Quinta, 21 Novembro 2024

Milton Lourenço é presidente da Fiorde Logística Internacional

Embora por força das circunstâncias Santos tenha sido erigido informalmente a hub port (porto concentrador de cargas), sabe-se que, em razão de suas características geofísicas, nunca haverá de atingir esse patamar, exceto se, algum dia, vier a dispor de uma plataforma offshore (afastada da costa), que permita a entrada de megacargueiros.

Hoje, a profundidade média do estuário é estimada em 15 metros, o que permitiria a entrada, sob alguns riscos, de porta-contêineres com capacidade de apenas 10 mil TEUs (unidade equivalente a um contêiner de 20 pés) e graneleiros de 80 mil toneladas. Mas, a rigor, o calado operacional (fundura máxima que as embarcações podem atingir quando totalmente carregadas) do porto é 13,2 metros, o que tem obrigado as autoridades portuária e marítima a restringir a navegação para navios com até 12,3 metros de calado.

Desde quando foi instituído como porto organizado, Santos sempre dependeu de regular trabalho de dragagem, que tem por objetivo recolher os materiais sedimentares que se acumulam no fundo do canal e reduzem a sua profundidade, o que acaba por comprometer a navegação de navios de maior porte. A princípio, esse trabalho era executado pela antiga concessionária Companhia Docas de Santos (CDS) com seus batelões e cisternas, mas, já ao tempo de sua sucessora, a Companhia Docas do Estado de São Paulo (Codesp), o serviço passou a ser transferido para o setor privado por meio de licitação.

Como o serviço de dragagem equivale, a grosso modo, a encher um saco sem fundo, ou seja, em pouco tempo, seus efeitos desapareceram porque a própria natureza favorece o depósito contínuo de sedimentos no leito do canal do estuário, praticamente, não há como mensurar os seus benefícios. E, provavelmente, não passaria de um sonho de verão imaginar que seria possível aprofundar o canal de acesso para 16 metros, o que permitiria a entrada de navios da nova geração, como apontou recente estudo preparado por técnicos da Universidade de São Paulo (USP), a pedido da Codesp.

Sabe-se que os custos para a realização desse trabalho de dragagem ficariam ao redor de R$ 1,6 bilhão, mas permitiriam até 2030 ganhos equivalentes a R$ 5,6 bilhões. Obviamente, nada garante que essa previsão virá a ser confirmada. Até porque o que se tem visto até aqui é muita indefinição por parte do poder público, o que inclui as complicações jurídicas.

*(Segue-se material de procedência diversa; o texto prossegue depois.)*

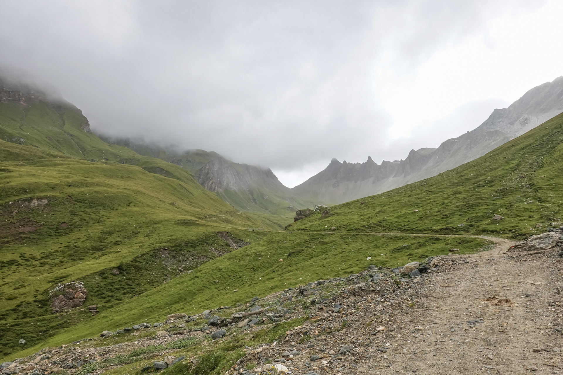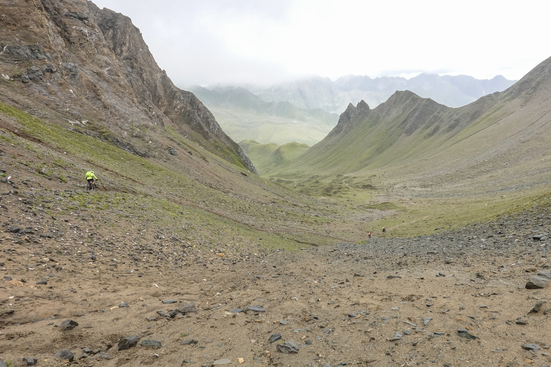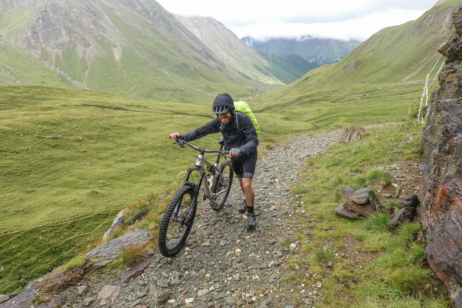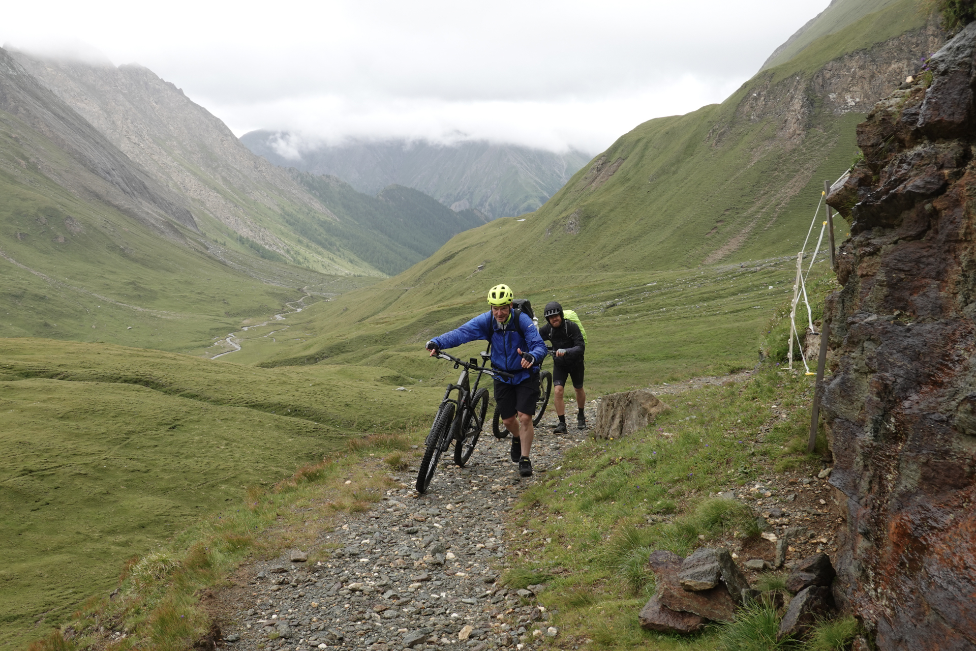 Der Aufstieg ist so fordernd wie erwartet. Die Steigung ist brutal, der Weg schmal, steinig und technisch herausfordernd – das Bike wird über weite Strecken geschoben. Doch das Panorama entschädigt für jede Anstrengung. Ich habe das Joch schon im August mit Schnee erlebt, und es laufen Wetten, ob es dieses Jahr ebenfalls so sein wird.

Como se sabe, no início de fevereiro, o Tribunal Regional Federal da 1ª Região (TRF-1ª) determinou a revogação do pedido da empresa EEL Infraestruturas para reiniciar o trabalho de dragagem. O Ministério dos Transportes já anunciou que o consórcio formado pelas empresas Boskalis do Brasil e Van Oord Operações Marítimas, segundo colocado na licitação feita em julho de 2015 pela extinta Secretaria de Portos (SEP), deve iniciar as obras de dragagem no início do próximo semestre. Mas a pendenga deve continuar porque a EEL Infraestruturas promete recorrer mais uma vez à Justiça.

Não bastasse isso, há ainda a proposta de formação de um consórcio de usuários do porto de Santos para assumir a execução do serviço de dragagem. Esse consórcio, que contaria com o apoio do Ministério dos Transportes, seria formado por arrendatários, operadores portuários, terminais privados, pela Associação Comercial de Santos e pela própria Codesp. De antemão, porém, conclui-se que a um consórcio formado por tantas associações faltaria experiência e competência técnica. E que, portanto, o consórcio, fatalmente, acabaria por transferir para o setor privado a responsabilidade pelos serviços. Quer dizer: aparentemente, vem por aí mais indefinição.

Melhor seria que a uma empresa estrangeira fosse concedida a construção e futura operação da plataforma offshore e o canal do estuário continuasse a receber os navios adequados a sua profundidade natural. E que a Codesp continuasse a fazer o serviço de dragagem por conta própria, como antigamente.